── RECORDS FOR THIS TASK
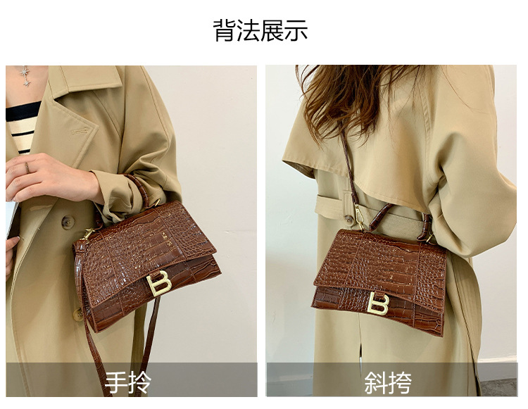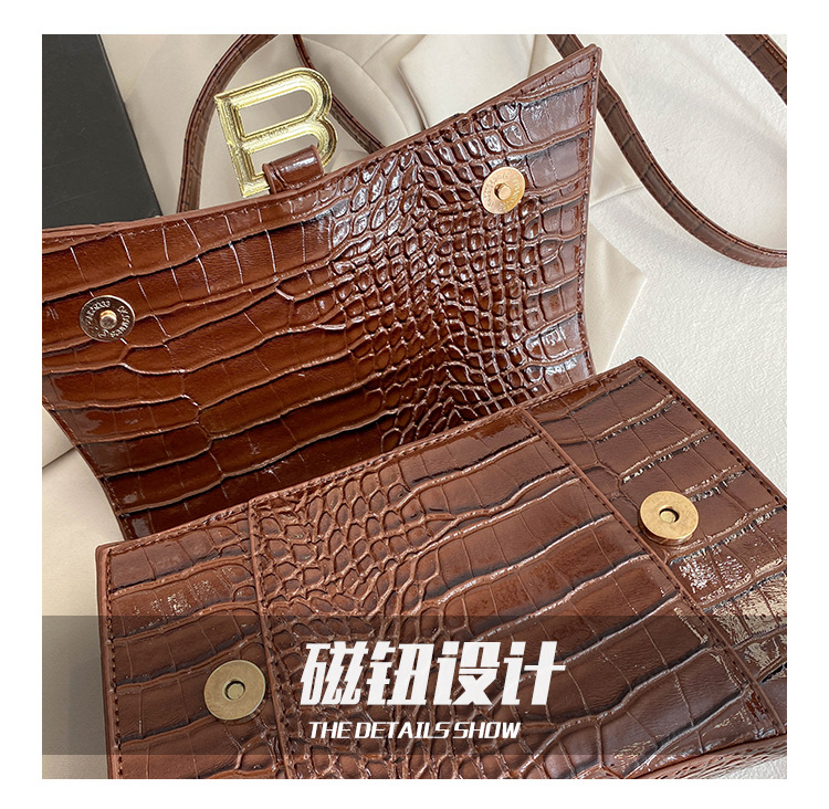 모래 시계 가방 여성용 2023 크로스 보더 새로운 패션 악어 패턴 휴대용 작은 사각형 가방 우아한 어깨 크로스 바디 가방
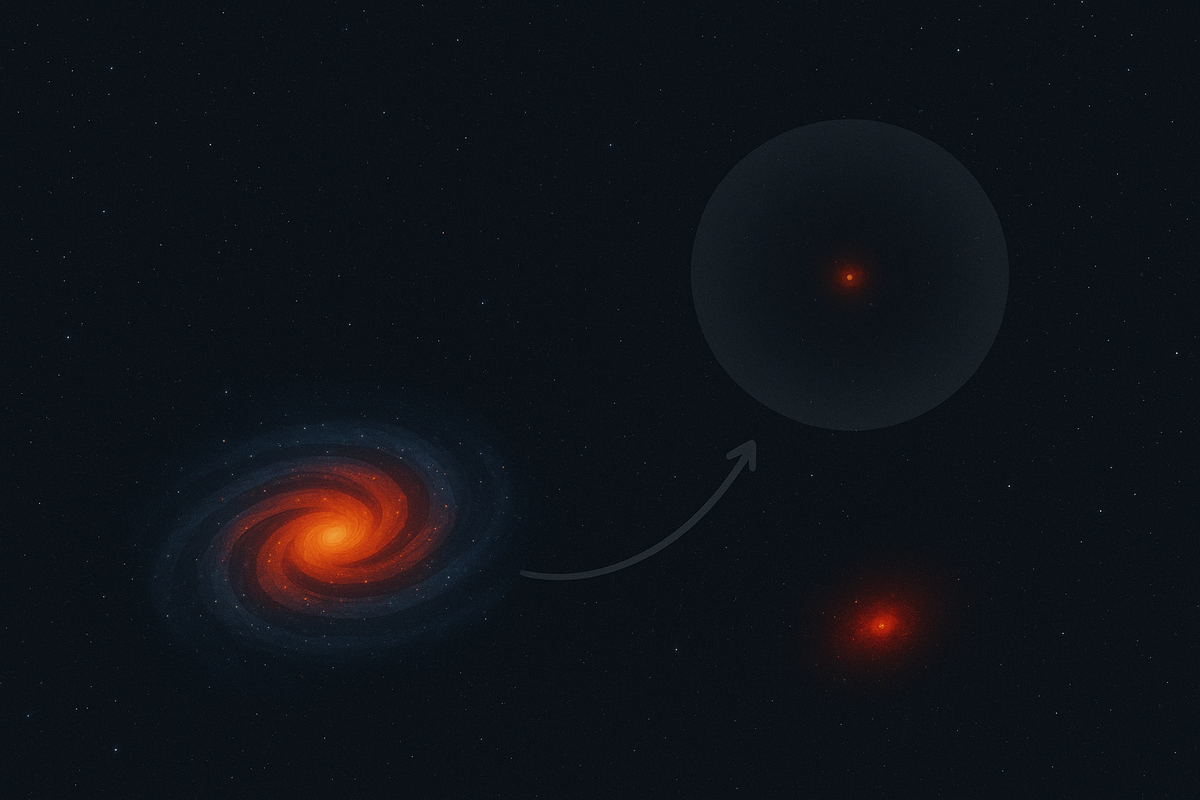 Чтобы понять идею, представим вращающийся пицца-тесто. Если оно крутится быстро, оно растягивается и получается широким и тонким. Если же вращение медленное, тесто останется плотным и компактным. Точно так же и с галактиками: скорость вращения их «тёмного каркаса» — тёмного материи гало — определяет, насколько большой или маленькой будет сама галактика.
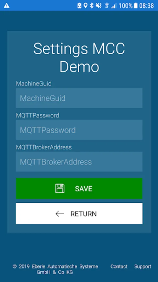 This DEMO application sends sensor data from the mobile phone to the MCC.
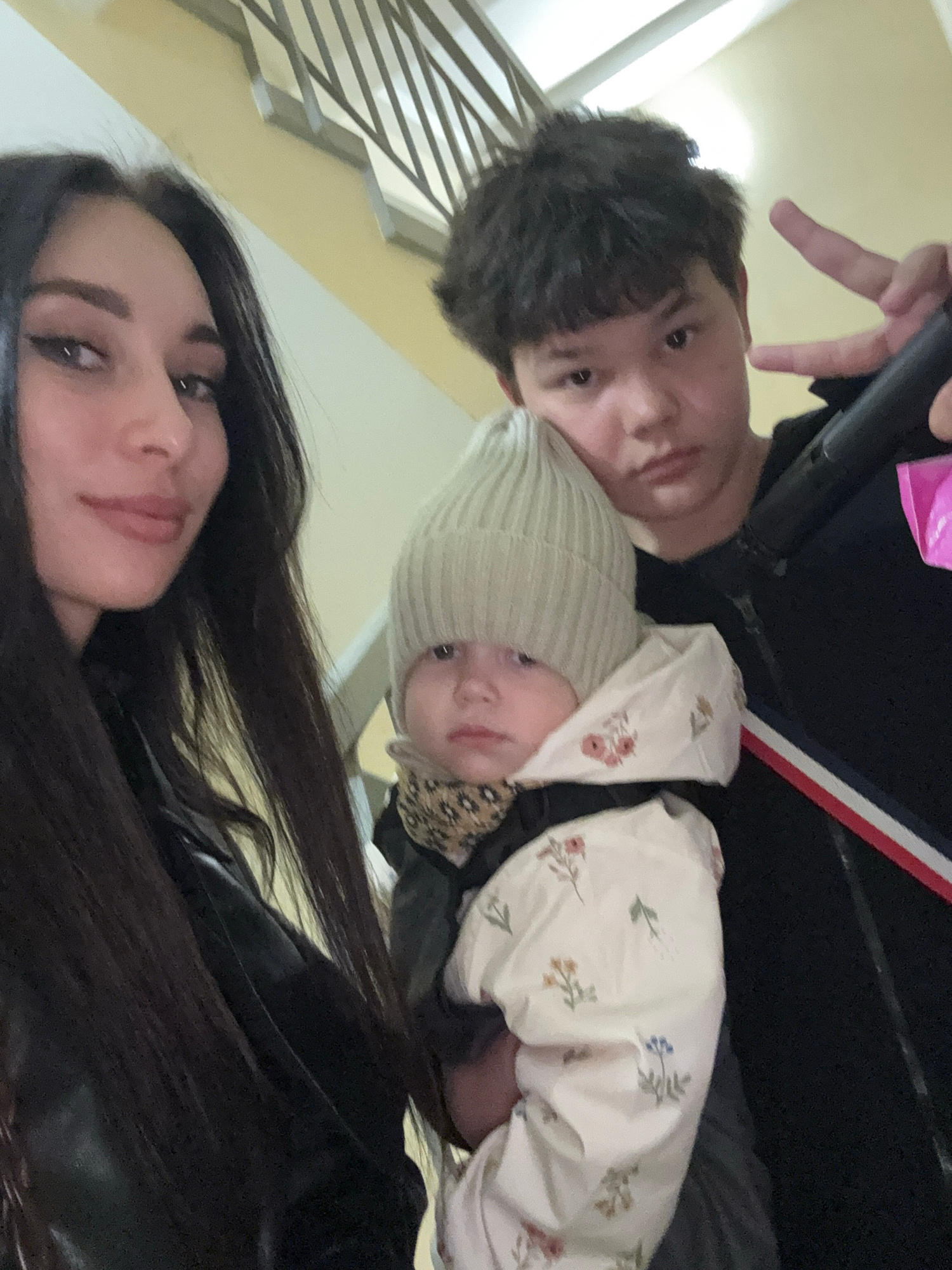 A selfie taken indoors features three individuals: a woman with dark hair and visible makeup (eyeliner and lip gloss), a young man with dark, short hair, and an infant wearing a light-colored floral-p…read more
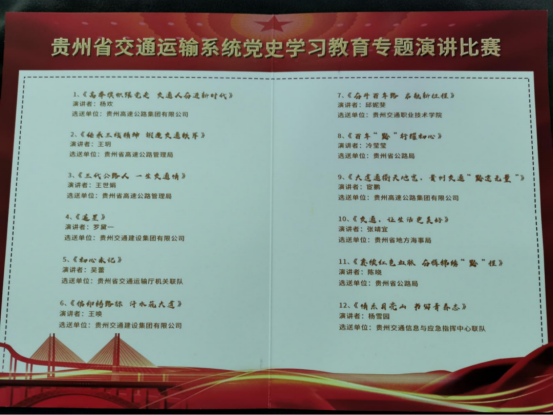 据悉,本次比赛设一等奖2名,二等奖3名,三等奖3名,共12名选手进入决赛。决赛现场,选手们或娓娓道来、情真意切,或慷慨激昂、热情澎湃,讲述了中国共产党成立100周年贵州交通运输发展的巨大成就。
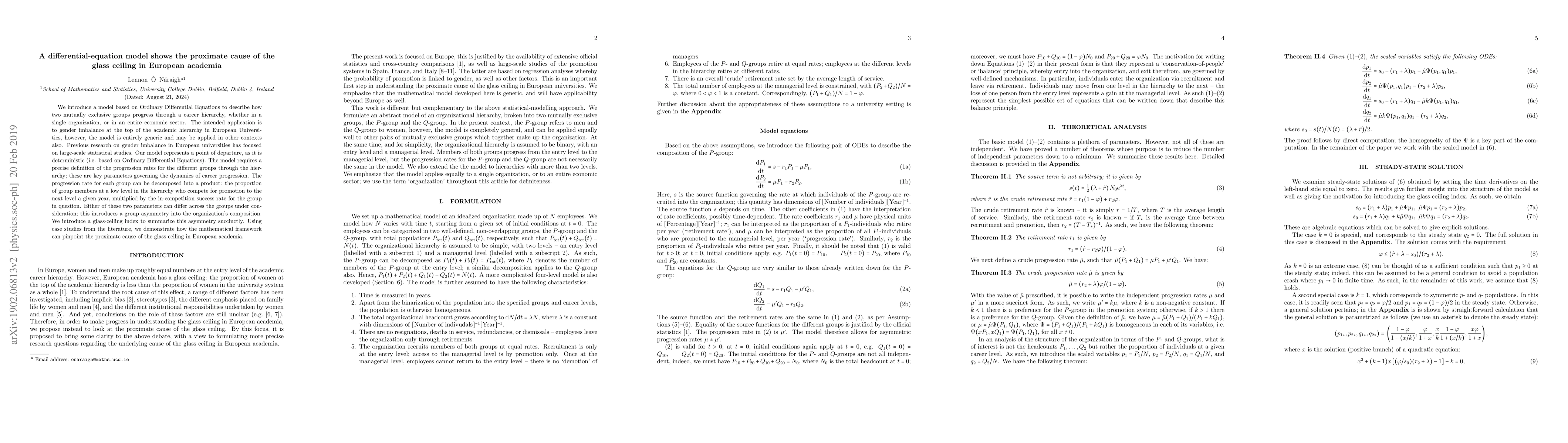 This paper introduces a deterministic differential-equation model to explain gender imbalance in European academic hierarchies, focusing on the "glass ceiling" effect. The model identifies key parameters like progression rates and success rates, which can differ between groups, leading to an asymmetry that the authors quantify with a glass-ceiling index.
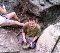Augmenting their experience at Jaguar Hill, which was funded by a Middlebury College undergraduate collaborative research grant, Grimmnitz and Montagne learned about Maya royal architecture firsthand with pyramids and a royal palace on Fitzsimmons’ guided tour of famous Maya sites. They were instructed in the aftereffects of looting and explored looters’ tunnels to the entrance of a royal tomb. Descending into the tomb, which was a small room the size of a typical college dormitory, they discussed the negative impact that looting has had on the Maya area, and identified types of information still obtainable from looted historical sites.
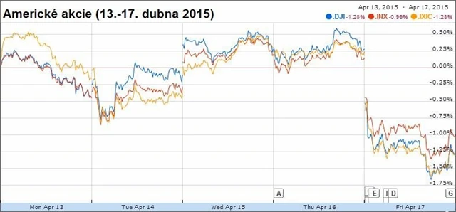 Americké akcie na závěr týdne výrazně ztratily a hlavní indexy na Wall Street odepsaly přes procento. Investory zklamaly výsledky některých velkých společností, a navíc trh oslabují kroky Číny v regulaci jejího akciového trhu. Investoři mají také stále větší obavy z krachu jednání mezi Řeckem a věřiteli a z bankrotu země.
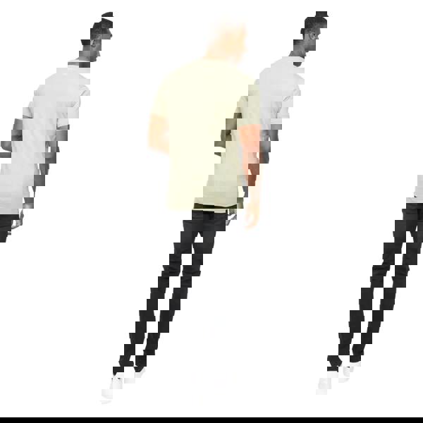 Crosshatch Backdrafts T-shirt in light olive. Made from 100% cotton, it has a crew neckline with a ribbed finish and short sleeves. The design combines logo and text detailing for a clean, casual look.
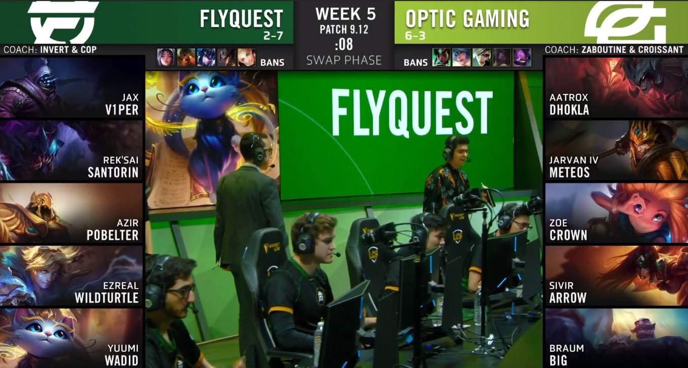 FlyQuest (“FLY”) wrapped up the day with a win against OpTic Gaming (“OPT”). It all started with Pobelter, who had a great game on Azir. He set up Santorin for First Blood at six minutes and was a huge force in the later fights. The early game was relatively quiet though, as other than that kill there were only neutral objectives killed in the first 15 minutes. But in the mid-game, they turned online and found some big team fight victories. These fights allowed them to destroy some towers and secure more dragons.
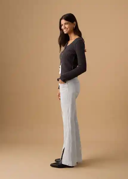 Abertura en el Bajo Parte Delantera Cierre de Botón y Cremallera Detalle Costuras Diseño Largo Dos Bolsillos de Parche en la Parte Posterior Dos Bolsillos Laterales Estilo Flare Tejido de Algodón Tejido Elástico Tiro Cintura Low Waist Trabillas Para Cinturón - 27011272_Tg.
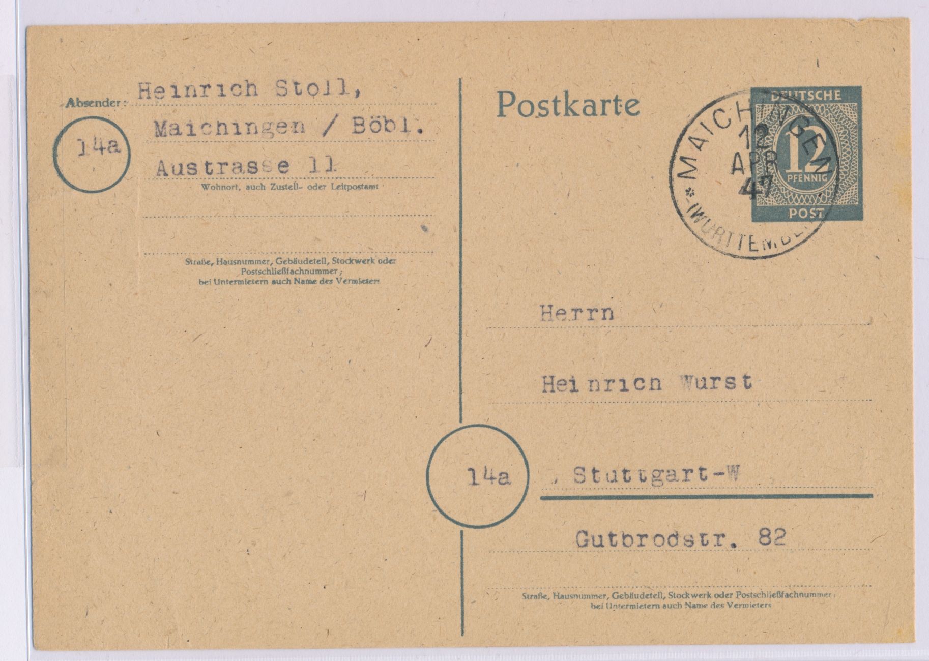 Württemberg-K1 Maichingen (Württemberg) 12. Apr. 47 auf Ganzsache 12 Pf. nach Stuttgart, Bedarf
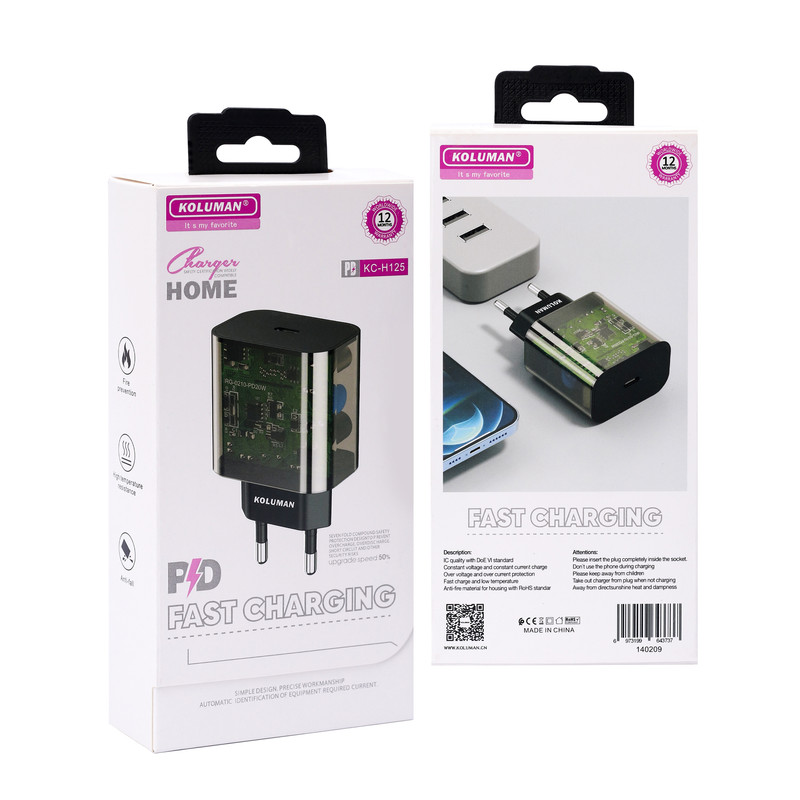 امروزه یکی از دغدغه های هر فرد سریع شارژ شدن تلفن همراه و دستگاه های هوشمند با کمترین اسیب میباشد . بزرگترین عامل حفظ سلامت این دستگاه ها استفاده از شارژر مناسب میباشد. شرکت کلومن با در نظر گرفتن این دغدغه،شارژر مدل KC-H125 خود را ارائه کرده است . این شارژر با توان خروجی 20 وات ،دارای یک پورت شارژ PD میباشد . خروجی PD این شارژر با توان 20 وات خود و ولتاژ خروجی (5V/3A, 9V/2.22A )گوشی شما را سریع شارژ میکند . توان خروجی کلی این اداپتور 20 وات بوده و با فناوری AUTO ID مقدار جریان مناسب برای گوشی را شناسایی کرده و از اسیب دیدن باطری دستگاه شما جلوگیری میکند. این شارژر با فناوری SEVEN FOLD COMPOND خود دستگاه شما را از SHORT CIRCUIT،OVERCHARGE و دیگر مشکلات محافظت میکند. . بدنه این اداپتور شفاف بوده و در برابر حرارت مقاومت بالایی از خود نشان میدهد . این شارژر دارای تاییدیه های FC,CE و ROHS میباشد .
────
▸ **ACTION ITEM**: Once the pictures have been removed, reproduce each line of the material above exactly.

▸ **OUTPUT BELOW**:
 모래 시계 가방 여성용 2023 크로스 보더 새로운 패션 악어 패턴 휴대용 작은 사각형 가방 우아한 어깨 크로스 바디 가방
 Чтобы понять идею, представим вращающийся пицца-тесто. Если оно крутится быстро, оно растягивается и получается широким и тонким. Если же вращение медленное, тесто останется плотным и компактным. Точно так же и с галактиками: скорость вращения их «тёмного каркаса» — тёмного материи гало — определяет, насколько большой или маленькой будет сама галактика.
 This DEMO application sends sensor data from the mobile phone to the MCC.
 A selfie taken indoors features three individuals: a woman with dark hair and visible makeup (eyeliner and lip gloss), a young man with dark, short hair, and an infant wearing a light-colored floral-p…read more
 据悉,本次比赛设一等奖2名,二等奖3名,三等奖3名,共12名选手进入决赛。决赛现场,选手们或娓娓道来、情真意切,或慷慨激昂、热情澎湃,讲述了中国共产党成立100周年贵州交通运输发展的巨大成就。
 This paper introduces a deterministic differential-equation model to explain gender imbalance in European academic hierarchies, focusing on the "glass ceiling" effect. The model identifies key parameters like progression rates and success rates, which can differ between groups, leading to an asymmetry that the authors quantify with a glass-ceiling index.
Augmenting their experience at Jaguar Hill, which was funded by a Middlebury College undergraduate collaborative research grant, Grimmnitz and Montagne learned about Maya royal architecture firsthand with pyramids and a royal palace on Fitzsimmons’ guided tour of famous Maya sites. They were instructed in the aftereffects of looting and explored looters’ tunnels to the entrance of a royal tomb. Descending into the tomb, which was a small room the size of a typical college dormitory, they discussed the negative impact that looting has had on the Maya area, and identified types of information still obtainable from looted historical sites.
 Americké akcie na závěr týdne výrazně ztratily a hlavní indexy na Wall Street odepsaly přes procento. Investory zklamaly výsledky některých velkých společností, a navíc trh oslabují kroky Číny v regulaci jejího akciového trhu. Investoři mají také stále větší obavy z krachu jednání mezi Řeckem a věřiteli a z bankrotu země.
 Crosshatch Backdrafts T-shirt in light olive. Made from 100% cotton, it has a crew neckline with a ribbed finish and short sleeves. The design combines logo and text detailing for a clean, casual look.
 FlyQuest (“FLY”) wrapped up the day with a win against OpTic Gaming (“OPT”). It all started with Pobelter, who had a great game on Azir. He set up Santorin for First Blood at six minutes and was a huge force in the later fights. The early game was relatively quiet though, as other than that kill there were only neutral objectives killed in the first 15 minutes. But in the mid-game, they turned online and found some big team fight victories. These fights allowed them to destroy some towers and secure more dragons.
 Abertura en el Bajo Parte Delantera Cierre de Botón y Cremallera Detalle Costuras Diseño Largo Dos Bolsillos de Parche en la Parte Posterior Dos Bolsillos Laterales Estilo Flare Tejido de Algodón Tejido Elástico Tiro Cintura Low Waist Trabillas Para Cinturón - 27011272_Tg.
 Württemberg-K1 Maichingen (Württemberg) 12. Apr. 47 auf Ganzsache 12 Pf. nach Stuttgart, Bedarf
 امروزه یکی از دغدغه های هر فرد سریع شارژ شدن تلفن همراه و دستگاه های هوشمند با کمترین اسیب میباشد . بزرگترین عامل حفظ سلامت این دستگاه ها استفاده از شارژر مناسب میباشد. شرکت کلومن با در نظر گرفتن این دغدغه،شارژر مدل KC-H125 خود را ارائه کرده است . این شارژر با توان خروجی 20 وات ،دارای یک پورت شارژ PD میباشد . خروجی PD این شارژر با توان 20 وات خود و ولتاژ خروجی (5V/3A, 9V/2.22A )گوشی شما را سریع شارژ میکند . توان خروجی کلی این اداپتور 20 وات بوده و با فناوری AUTO ID مقدار جریان مناسب برای گوشی را شناسایی کرده و از اسیب دیدن باطری دستگاه شما جلوگیری میکند. این شارژر با فناوری SEVEN FOLD COMPOND خود دستگاه شما را از SHORT CIRCUIT،OVERCHARGE و دیگر مشکلات محافظت میکند. . بدنه این اداپتور شفاف بوده و در برابر حرارت مقاومت بالایی از خود نشان میدهد . این شارژر دارای تاییدیه های FC,CE و ROHS میباشد .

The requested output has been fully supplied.